Conclui-se, portanto, que Mario Ferreira dos Santos enxerga a subversão da ordem jurídica exatamente no sentido do direito como meio de transformação da sociedade, principalmente no que tange aos interesses de um grupo dominante, seja ele econômico ou político. Mais fácil do que se impor pelas armas, a nova forma de dominação se dá pelo processo legislativo do direito positivo, suscetível a adaptações de toda ordem pelo grupo político. O conjunto de valores adquiridos por um povo poderia ser facilmente revertido em seu sentido contrário, caso um conjunto de normas assim o estabeleça.

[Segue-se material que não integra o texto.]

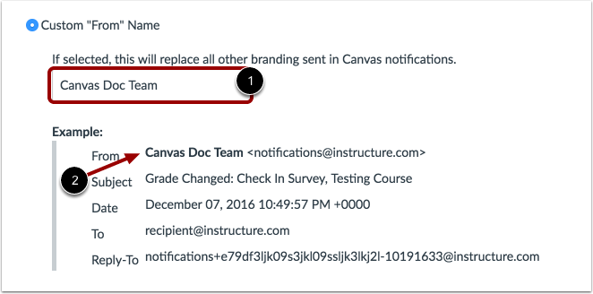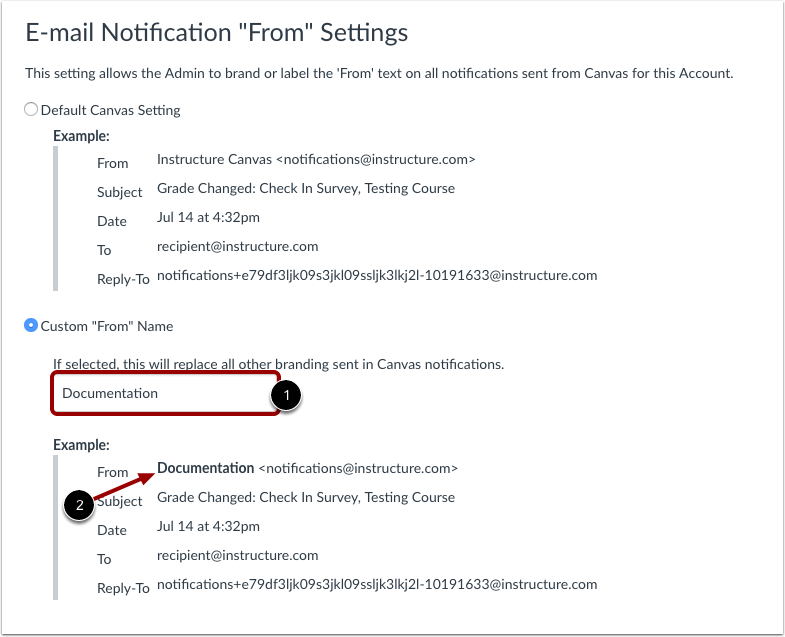 If you do not want to have a Custom "From" Name, select the Default Canvas Setting option [1]. The "From" name will display as Instructure Canvas [2].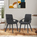 - COLOR PREFERENCES - The Greisen chairs are available to you in your choice of a charcoal polyester or a Gray faux leather. Both Greisen chairs come with a black brushed wood finish on the legs and arms. Let your imagination be your guide and combine both fabric options into your dining room for a dynamic look where texture and color live and complement each other.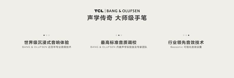 极致的画质需要配以极致的音质。此次,TCL与世界级顶奢音响品牌B&O独家深度定制出臻藏级音效(Q10L Pro系列搭载),所有音响部品组成都由B&O认定,每一台电视的声学软件均由B&O声学团队专业调校,同时采用了Hi-END级声乐技术,作为音响领域的专有名词,是对音频系统的最高追求,也是家庭音响的最高标准,对音响设备要求更高,从而实现声音的极致保真,以及纯臻质感。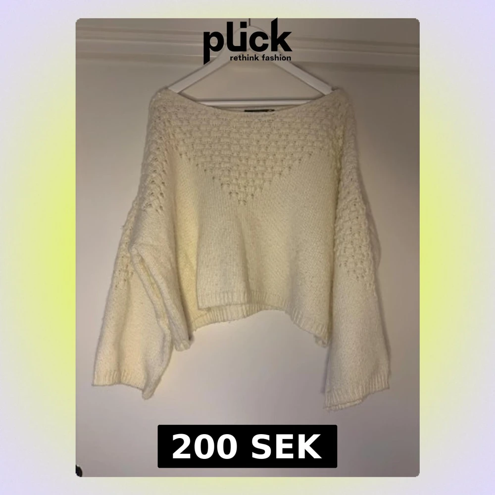 Supermysig vit stickad tröja från BikBok i ullblandning. Tröjan har ett snyggt strukturmönster upptill och på ärmarna, samt en lite lös och boxig passform med långa ärmar. Perfekt för kyliga dagar och enkel att styla till jeans eller kjol.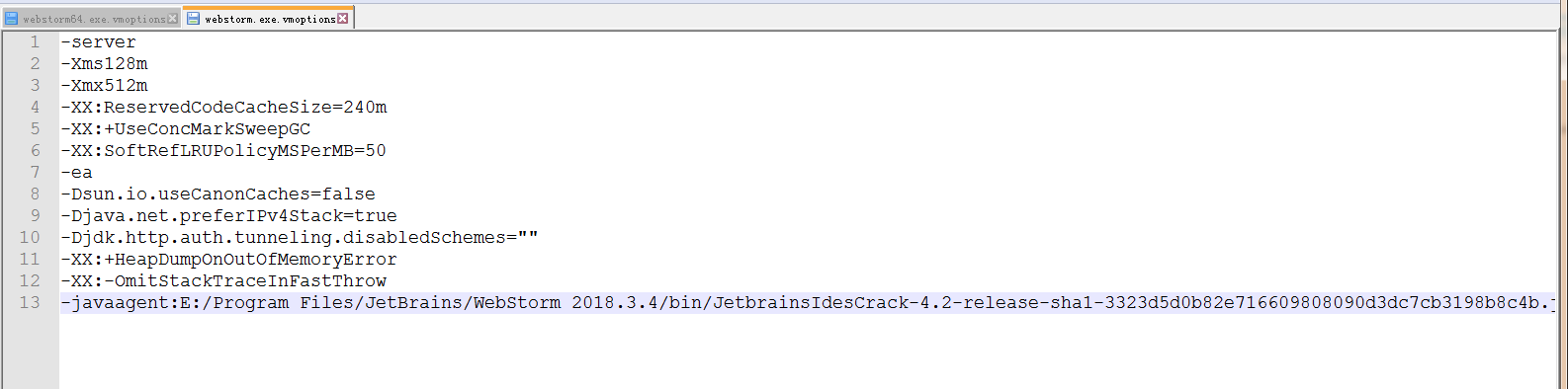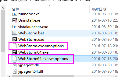 6、打开的补丁加入到WebStorm.exe.vmoptions 和WebStorm64.exe.vmoption这两个文件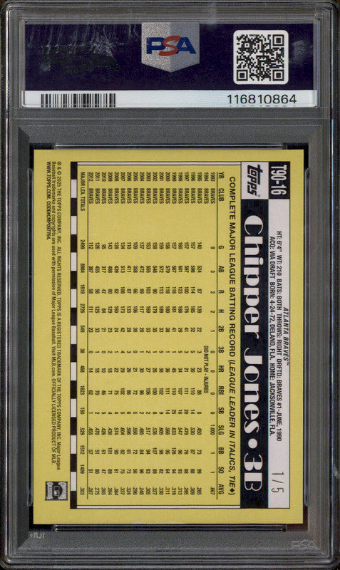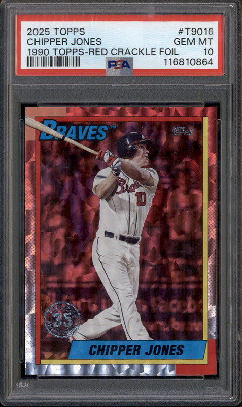 2025 Topps 1990 Topps Baseball Red Crackle Foil #T9016 Chipper Jones /5 PSA 10
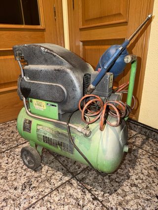 Vendo compresor de 50 litros y 2 CV de potencia en excelente estado. Ideal para pintura, bricolaje y herramientas neumáticas. Presión de hasta 8-10 bares con regulador. Doble manómetro de control. Ruedas y asa para fácil transporte.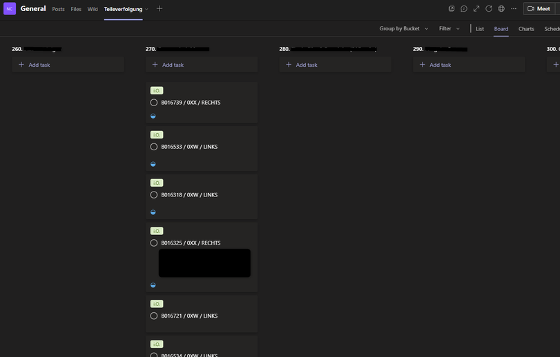 wir benutzen Teams um unsere Teile zu verfolgen. Jedes Teil hat dabei eine eigene B-Nummer.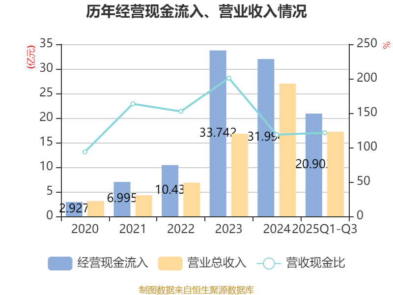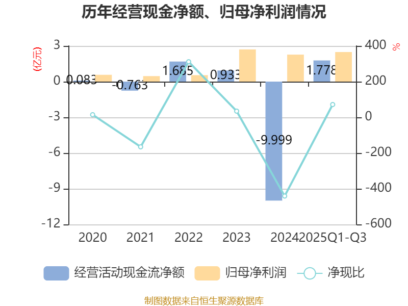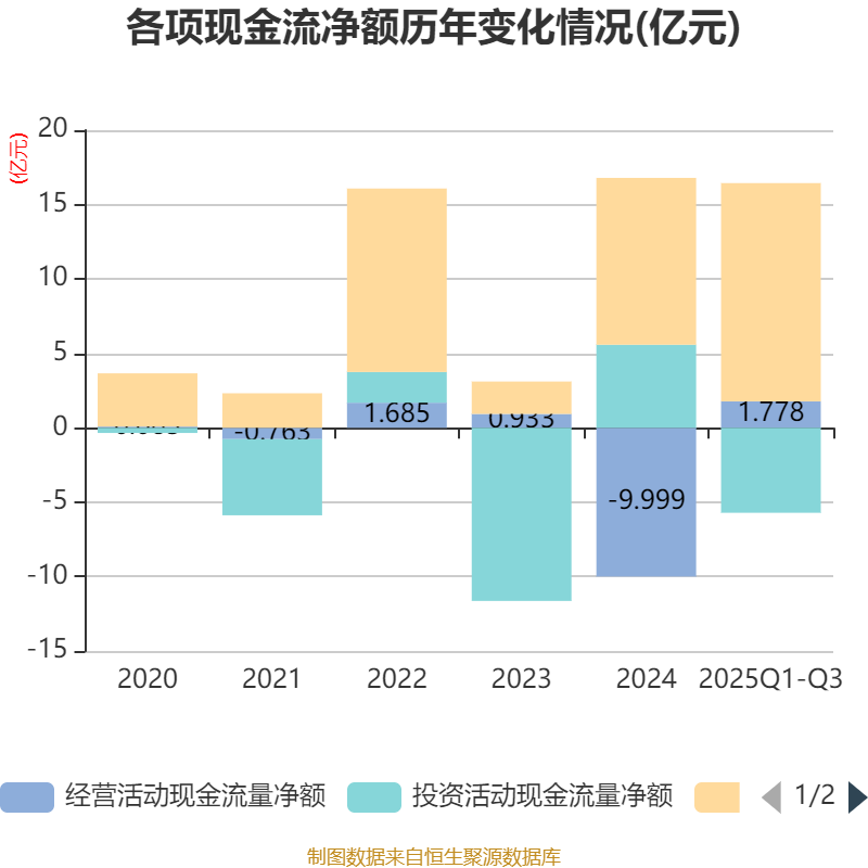 2025年前三季度,公司经营活动现金流净额为1.78亿元,同比增加11.69亿元;筹资活动现金流净额14.67亿元,同比增加3.9亿元;投资活动现金流净额-5.71亿元,上年同期为6.11亿元。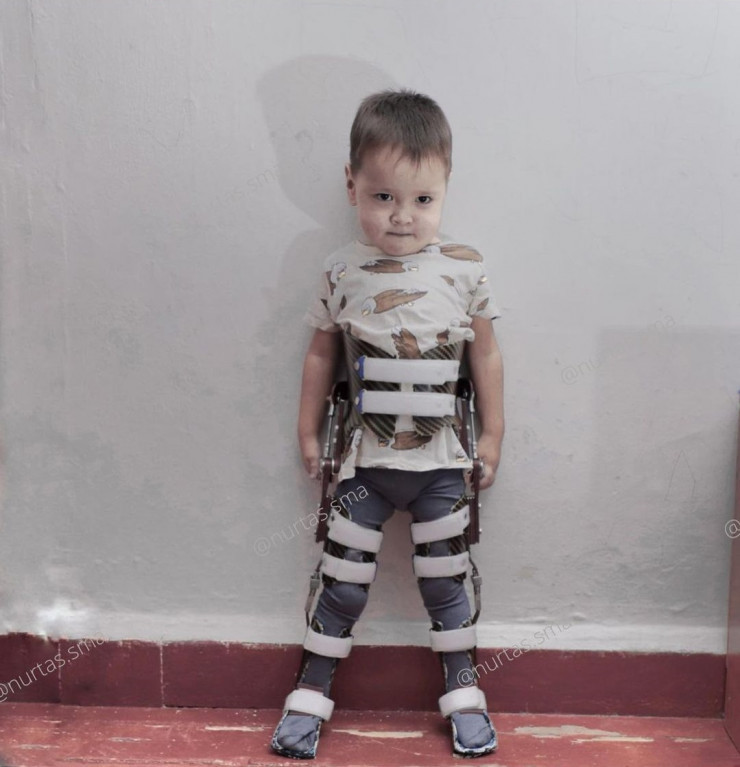 Трехлетний Нуртас страдает СМА второго типа, поэтому он не ходит, а может только сидеть и немного ползать. Мама ребенка Гаухар Кыдырбекова уже год в Instagram занимается сбором средств на препарат Zolgensma, который стоит 1,1 миллиарда тенге (2,3 миллиона долларов).

A norma seria aplicável, uma vez que o Estado detém o uso legítimo da força para impor suas decisões. Contudo, não seria legítima, tendo em vista que encontra seu critério de validade na identificação do povo com a norma. Portanto, o autor chama a atenção para a falta de legitimidade do arcabouço legal, tendo em vista que a parcela da população detentora do poder político não espelha nos mandamentos legais as aspirações populares, tornando-se o Direito, ao invés do resultado de sua representação indireta, instrumento de uso da força contra o povo.


[1] SANTOS, Mario Ferreira dos. Filosofia da Crise. Vol. 1, Ed. E Realizações, 2018.

[2] SANTOS, Mario Ferreira dos. Filosofia da afirmação e da negação. Vol. 2, Ed. E Realizações, 2018.

[3] SANTOS, Mario Ferreira dos. Filosofia e Cosmovisão. Vol.3, ed. E Realizações, 2018.

[4] SANTOS, Mario Ferreira dos. Filosofia concreta 1ª edição, ed. E Realizações, 2020.

[5] SANTOS, Mario Ferreira dos. Invasão vertical dos bárbaros. 1ª edição, ed. E Realizações, 2012.

[6] BOBBIO, Norberto. O positivismo jurídico: Lições de Filosofia do Direito. Ed. Edipro, 2022, p. 23.

[7] BOBBIO, Norberto. O positivismo jurídico: Lições de Filosofia do Direito. Ed. Edipro, 2022, p. 25.

[8] BOBBIO, Norberto. O positivismo jurídico: Lições de Filosofia do Direito. Ed. Edipro, 2022, p. 28.

[9] ROSS, Alf. Direito e justiça. 3ª edição. Ed. Edipro, 2021, p. 83/84.